§ **Task to complete**: Copy the listing exactly, please, and keep every picture out of it.

§ **Given data**:
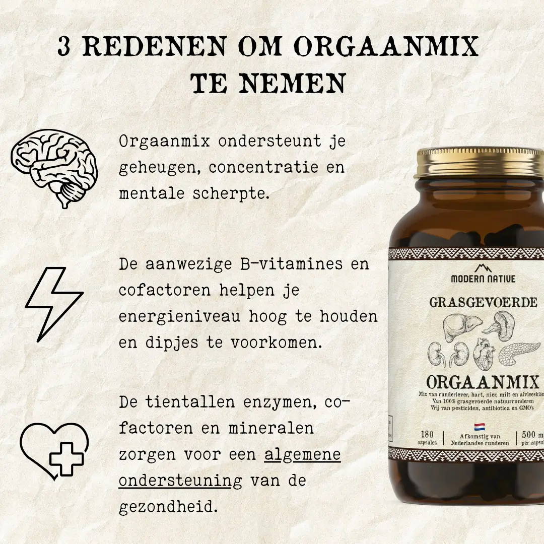 Omdat het nemen van orgaansupplementen vergelijkbaar is met het eten van orgaanvlees, hoef je niet bang te zijn voor overdosering. Daarnaast zijn onze supplementen zo ontworpen, dat ze samen kunnen worden ingenomen.
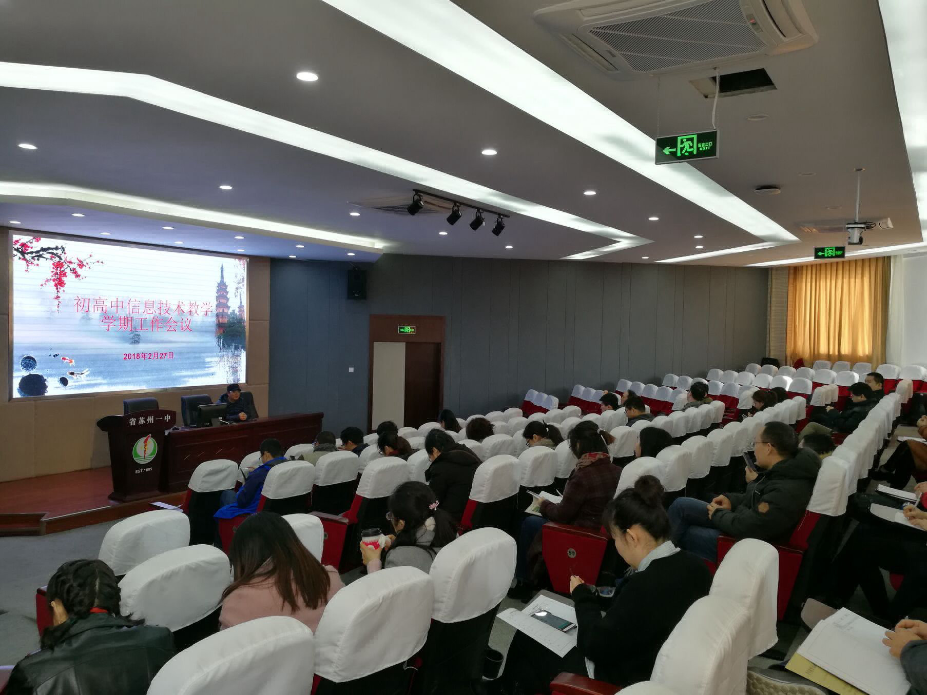 2018年2月27日星期二上午,新学期第一次教研活动在苏州市第一中学报告厅举行,本次活动由原市教研员李竹君老师主持,来自苏州市初高中的信息技术老师参加了此次活动。
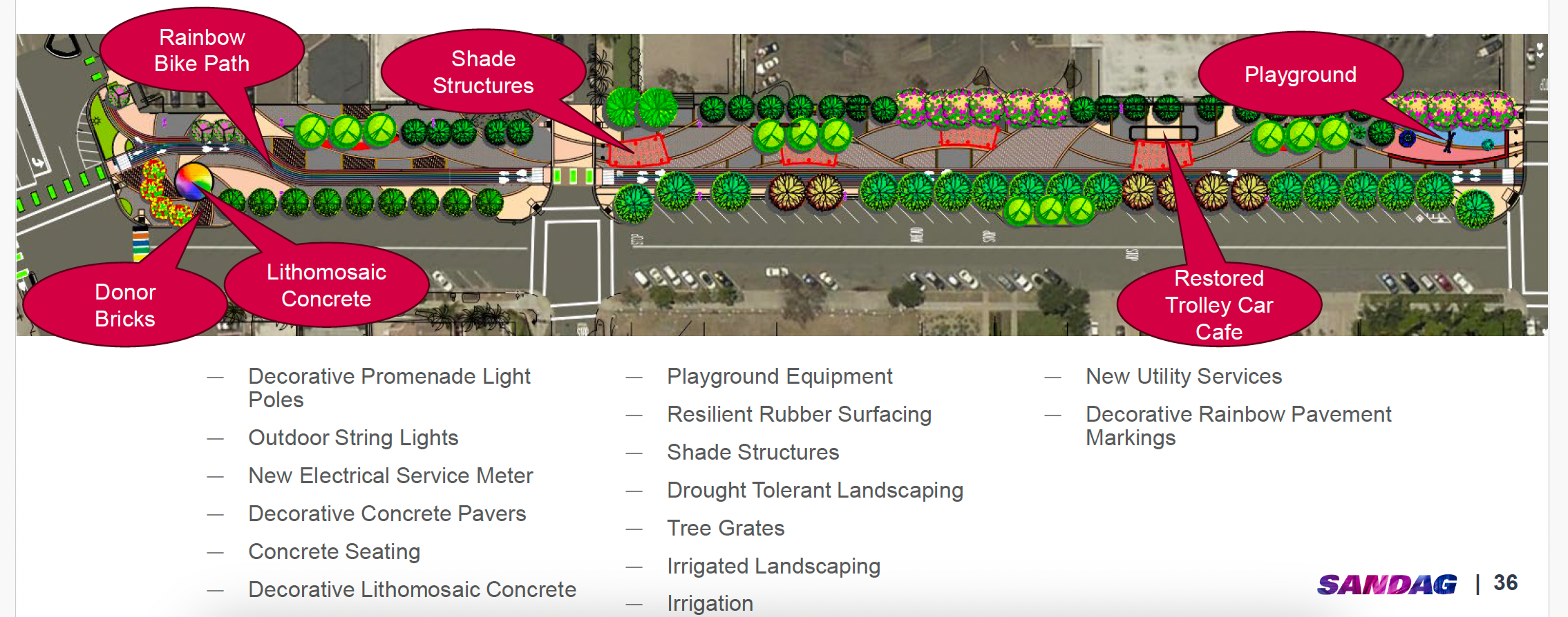 Pride Promenade is still under construction. There’s a lot going on at the site as we get ready to open in February or March of 2026. At the same time, planning for the Promenade is well underway. Teams of students from the University of San Diego Knauss Business School have been studying ways to make the Promenade work well and have made a number of suggestions regarding management of the space. Planning for an annual calendar of events is underway. And a variety of other exciting opportunities are being considered. Below are some of the interesting items being planned for the Promenade.

§ **Solution for this problem**:
 Omdat het nemen van orgaansupplementen vergelijkbaar is met het eten van orgaanvlees, hoef je niet bang te zijn voor overdosering. Daarnaast zijn onze supplementen zo ontworpen, dat ze samen kunnen worden ingenomen.
 2018年2月27日星期二上午,新学期第一次教研活动在苏州市第一中学报告厅举行,本次活动由原市教研员李竹君老师主持,来自苏州市初高中的信息技术老师参加了此次活动。
 Pride Promenade is still under construction. There’s a lot going on at the site as we get ready to open in February or March of 2026. At the same time, planning for the Promenade is well underway. Teams of students from the University of San Diego Knauss Business School have been studying ways to make the Promenade work well and have made a number of suggestions regarding management of the space. Planning for an annual calendar of events is underway. And a variety of other exciting opportunities are being considered. Below are some of the interesting items being planned for the Promenade.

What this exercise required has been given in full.